That's the takeaway from a sleek and smart weekend of NBA All-Star festivities here in Chicago that celebrated both the local hoops heritage and a global game with equal aplomb, with the high production values they deserved. The weekend delivered the goods in all kinds of ways, with hundreds of thousands dollars generated for area charities and Sunday then culminating in an exhibition that turned into real ball by the end.
Thinking about the current Bulls felt discordant over the last few days, because it almost feels like they don't really belong at the moment, at least not to this level of play or such a strong and connective representation of Chicago.
Against this backdrop, the Bulls are a dad joke.
This party was Common emceeing the best ever free-agent pitch to a whole world watching, then an impossible assemblage of talent eventually really getting after it up and down an image of the skyline. It was about the dynamic cross-currents of music and sports and fashion from the moment fans began to arrive in town, a vibe that's just not shared by the local team.
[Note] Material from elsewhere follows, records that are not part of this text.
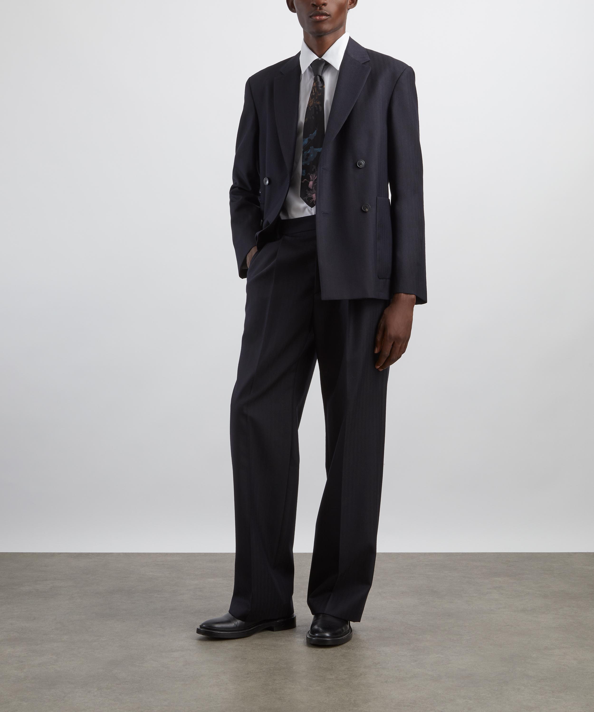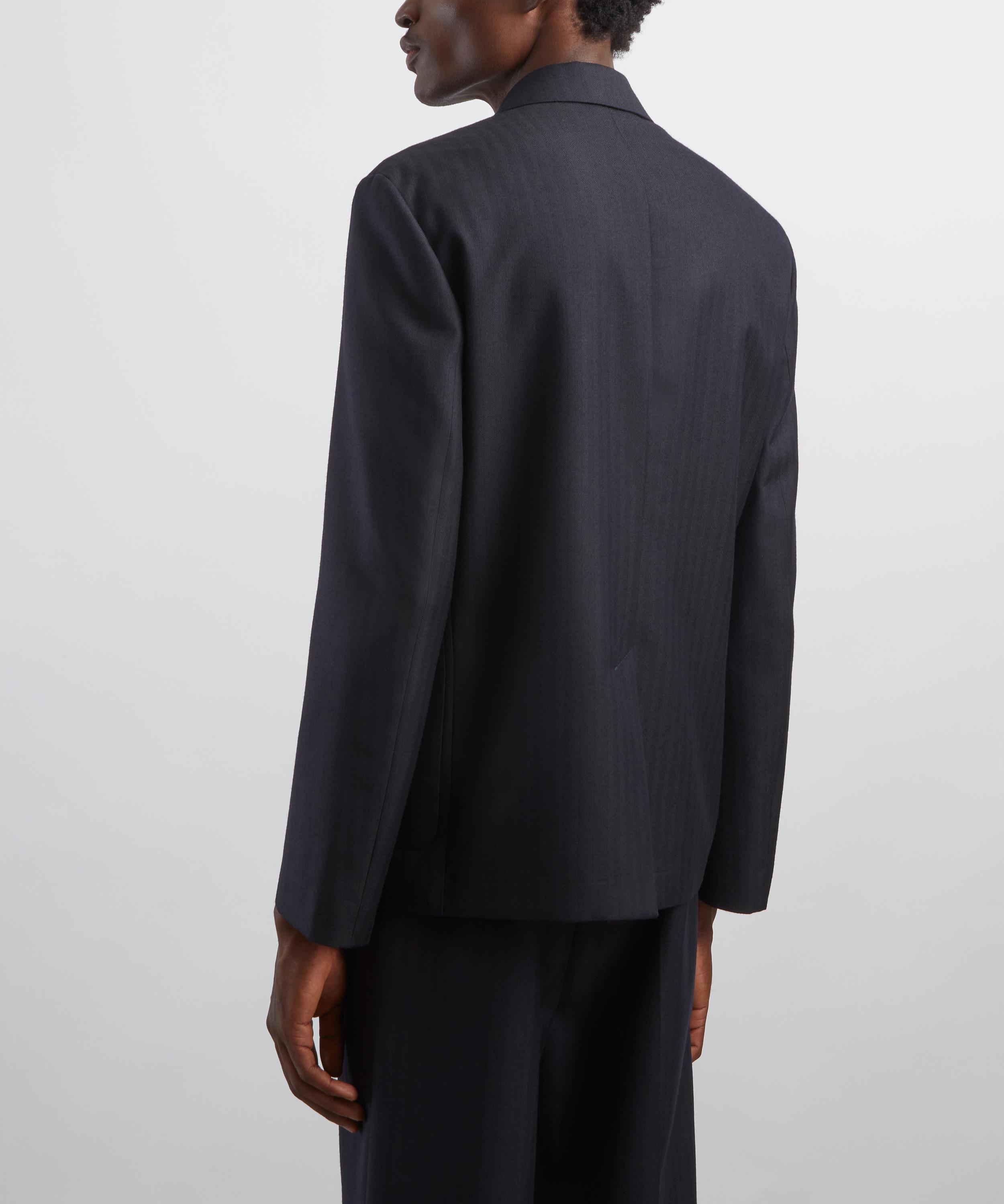 Cut from wool in a deep navy hue, this timeless tailored blazer boasts a boxy, double-breasted silhouette complete with notched lapels, and two large front patch pockets - perfect for keeping essentials close at hand.
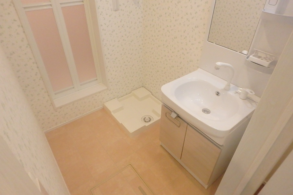 洗面所にはハンドシャワータイプの独立化粧台がありました。 鏡がくもらないようヒーターがついています。
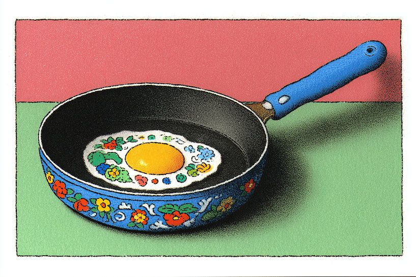 Details: pan, ei, bloemen, keuken, kleurrijk, groen, blauw, geel, vrolijk,…
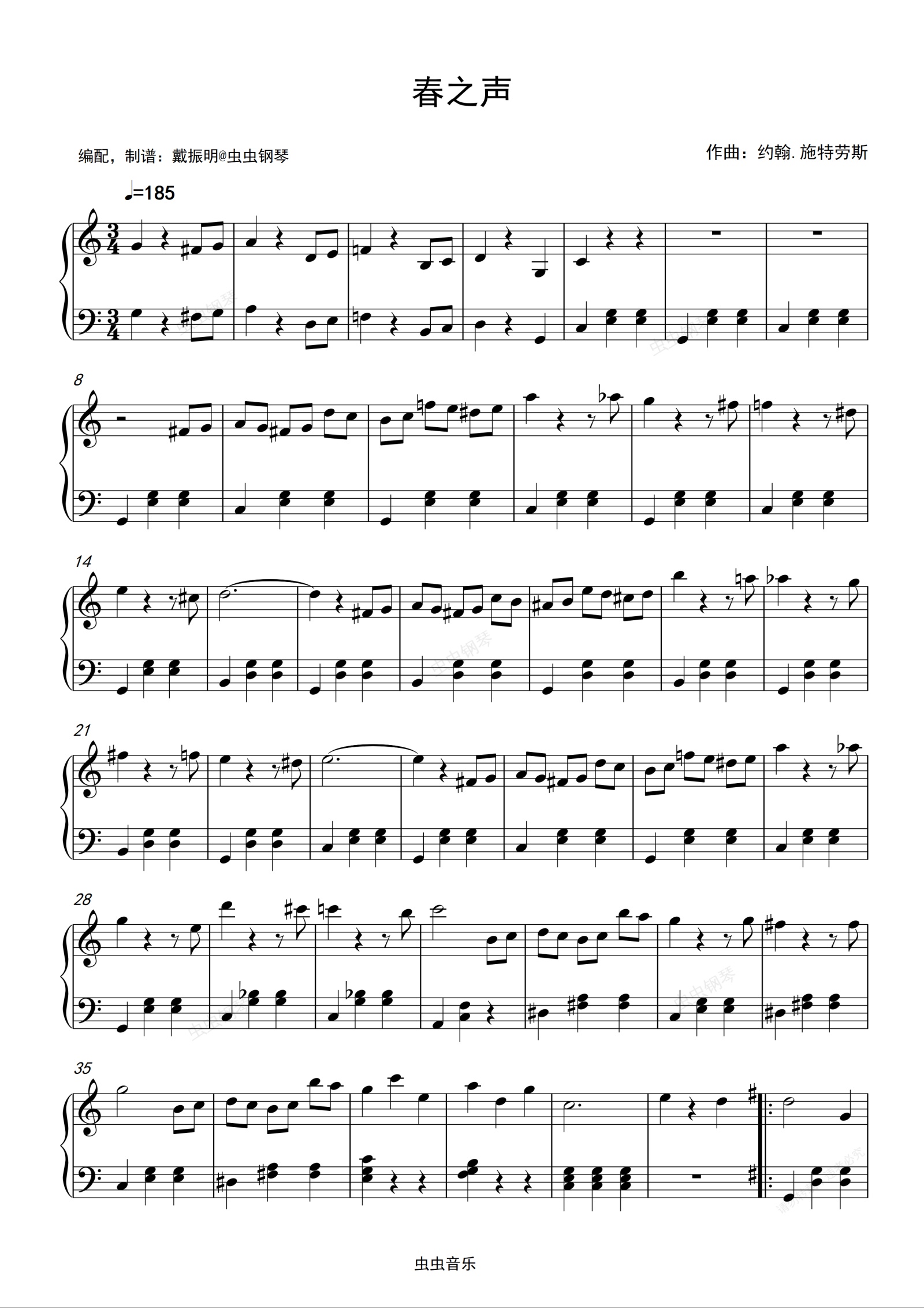 钢琴谱:春之声圆舞曲C调完整版
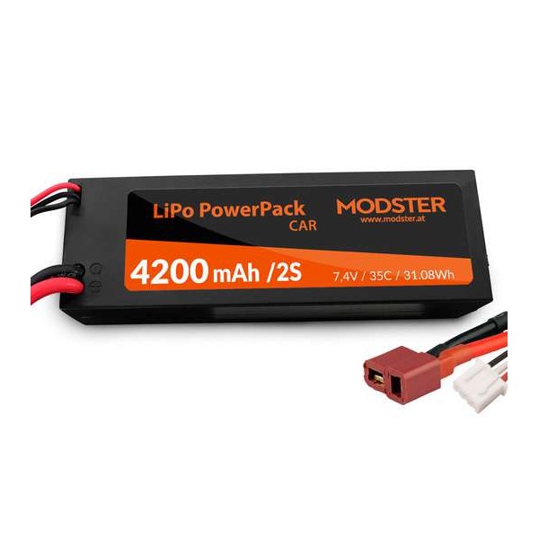 Bateria MODSTER LiPo 2S 7,4V 4200 mAh 35C (Conector T) PowerPack para Carro com Caixa Rígida
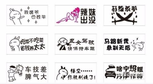 个性车贴也要有一个文字管理,像一些损人的话语不能用,车贴一定要文明用语,否则如果遇到较真的交警,必定会拦下来,让你撕掉。同时这类车贴销售也就大大降低了。所以车贴一定要文明用语
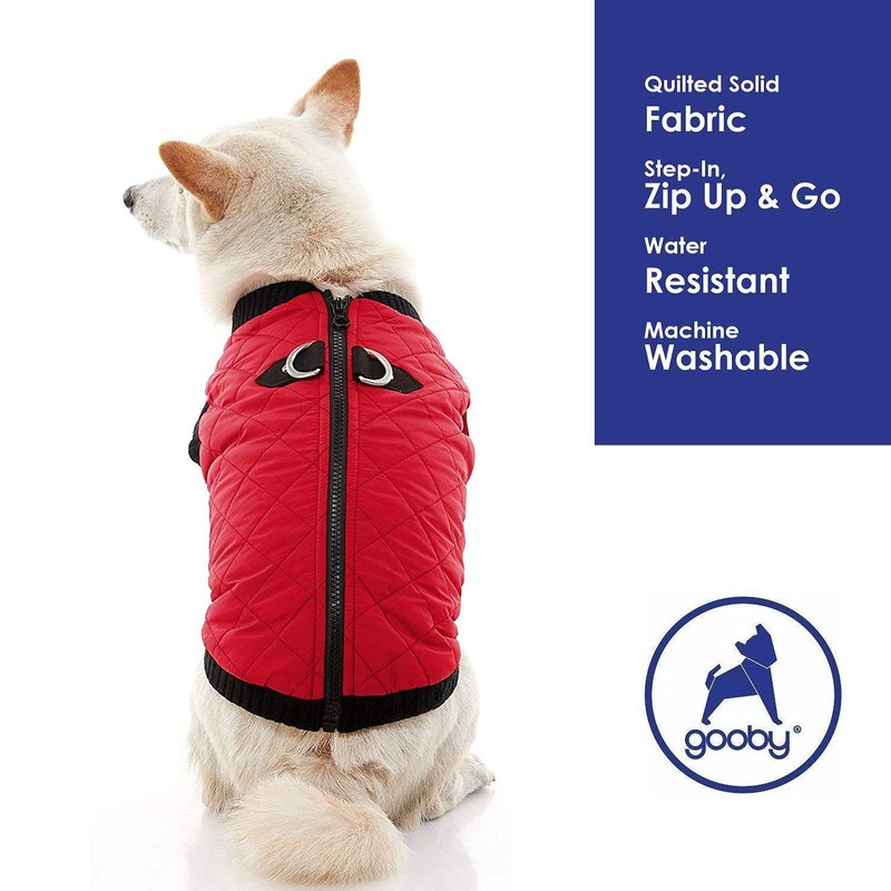 Gooby Fashion Vest Dog Jacket - Red, Small - Warm Zip Up Dog Bomber Vest with Dual D Ring Leash - Winter Water Resistant Small Dog Sweater - Dog Clothes for Small Dogs Boy or Medium Dogs
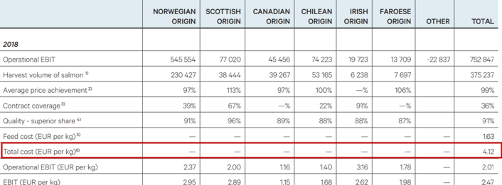 図4 Mowi社のサーモン養殖コスト
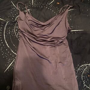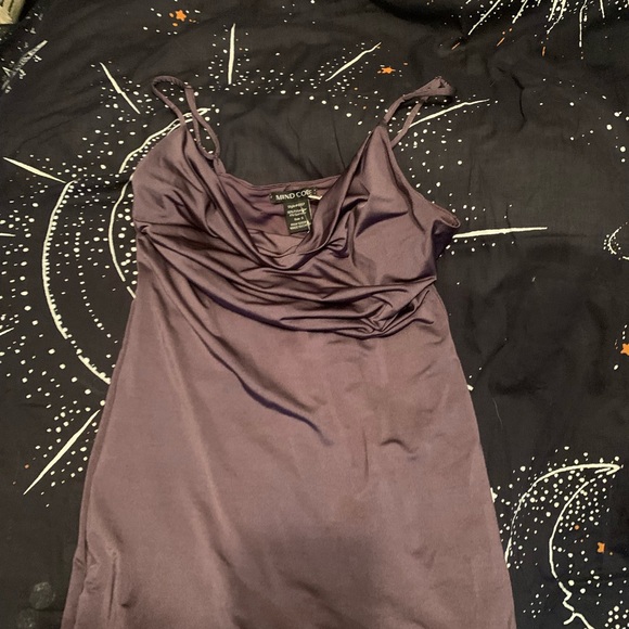 Elegant purple mini dress. Features a draped neckline. Perfect for a night out.

Not that I'm the ideal arbiter of what NBA players find cool, exactly -- being a 50-year-old white guy -- but the league just showed us on multiple levels what it looks and sounds like and how personalities and histories create certain partnerships, relationships and loyalties. The Bulls need to do a better job selling what the NBA is selling, and that starts with the people creating the product.
What's weird is that owner Jerry Reinsdorf's other team has already figured this out. The White Sox have leaned hard into a palpable evolution of baseball culture with their "Change the Game" marketing campaign, embracing the swagger and expressiveness asserting itself so refreshingly in baseball. They know the power of a bat flip, the inclusive sound of Spanish and how catchy a more urban design scheme can be to younger eyes.
It seems lost on the Bulls, despite their presence in a markedly more progressive game.
The entire design of All-Star weekend was a forward-facing celebration of a proud city too often ignored or misunderstood by many of us, the other of the "Two Chicagos" given its due by artists, native sons and daughters, former players and a former president. And it served as a reminder that there remains a real and powerful emotional interrelation between our community and basketball.
It would serve the Bulls well to find it again.